You're reading: Daily Digest: Top news of Tuesday, Sept. 25
  •  According to a study published on Sept. 25, Ukrainians say they encounter bribery even more frequently in 2018 than they did in 2015. According to the study conducted by the Kyiv International Institute of Sociology, Ukrainians say corruption is one of the country’s biggest problems and most prevalent in the nation’s judiciary and parliament.
  • A new research published on Sept. 24 reports that pervasive intolerance of Roma people among Ukrainians, paired with bureaucracy, leave many Roma undocumented and therefore stripped of basic access to education and healthcare. That leads to a cycle of poverty and discrimination continuing from generation to generation.
  •  Ukraine will make its decision on raising gas prices by Sept. 27 at the latest, the executive director of state-owned gas monopoly Naftogaz Yuriy Vitrenko said.

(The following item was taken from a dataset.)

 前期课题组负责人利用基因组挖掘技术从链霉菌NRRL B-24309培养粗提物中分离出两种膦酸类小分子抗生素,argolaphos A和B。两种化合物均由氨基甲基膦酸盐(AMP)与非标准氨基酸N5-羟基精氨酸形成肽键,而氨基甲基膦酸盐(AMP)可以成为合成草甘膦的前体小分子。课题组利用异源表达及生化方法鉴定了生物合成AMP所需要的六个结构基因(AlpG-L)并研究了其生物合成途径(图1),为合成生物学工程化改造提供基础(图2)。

  • Belarusian officials say they will not send their peacekeepers to Donbas, eastern Ukraine, as part of a United Nations peacekeeping mission.
  • Ukraine’s Ambassador to Switzerland Artem Rybchenko has called on Swiss parliamentarians to take a more active position regarding the release of Ukrainian political prisoners, according to the embassy’s press service.

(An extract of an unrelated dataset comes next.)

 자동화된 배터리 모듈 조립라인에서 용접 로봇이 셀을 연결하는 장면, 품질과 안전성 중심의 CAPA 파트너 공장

  • Three French helicopters will be delivered from the Airbus Helicopters company to Ukraine’s State Emergency Service and one more to Ukraine’s National Guard. The helicopters will be delivered before the end of 2018, Interior Minister Arsen Avakov said.
  • Two Ukrainian servicemen have been injured during a Molot mortar rupture, but there is no threat to their lives, according to the press service of Ukraine’s Joint Forces Operation headquarters.
  • Germany might finance the construction of the Mariupol-Zaporizhia highway, Ukraine’s Infrastructure Minister Volodymyr Omelyan wrote on his Facebook page. If so, he says it will be the first real highway in Ukraine built according to all EU requirements.
  • Ukraine ranked 64th in a social progress ranking among 146 countries, according to the results of the 2018 Social Progress Index.
  • The Council of Paris has unanimously granted the title of honorary citizen to Ukrainian film director Oleg Sentsov. Sentsov is currently imprisoned in Russia after he was arrested in Crimea in May 2014, shortly after the annexation of the peninsula by Russia.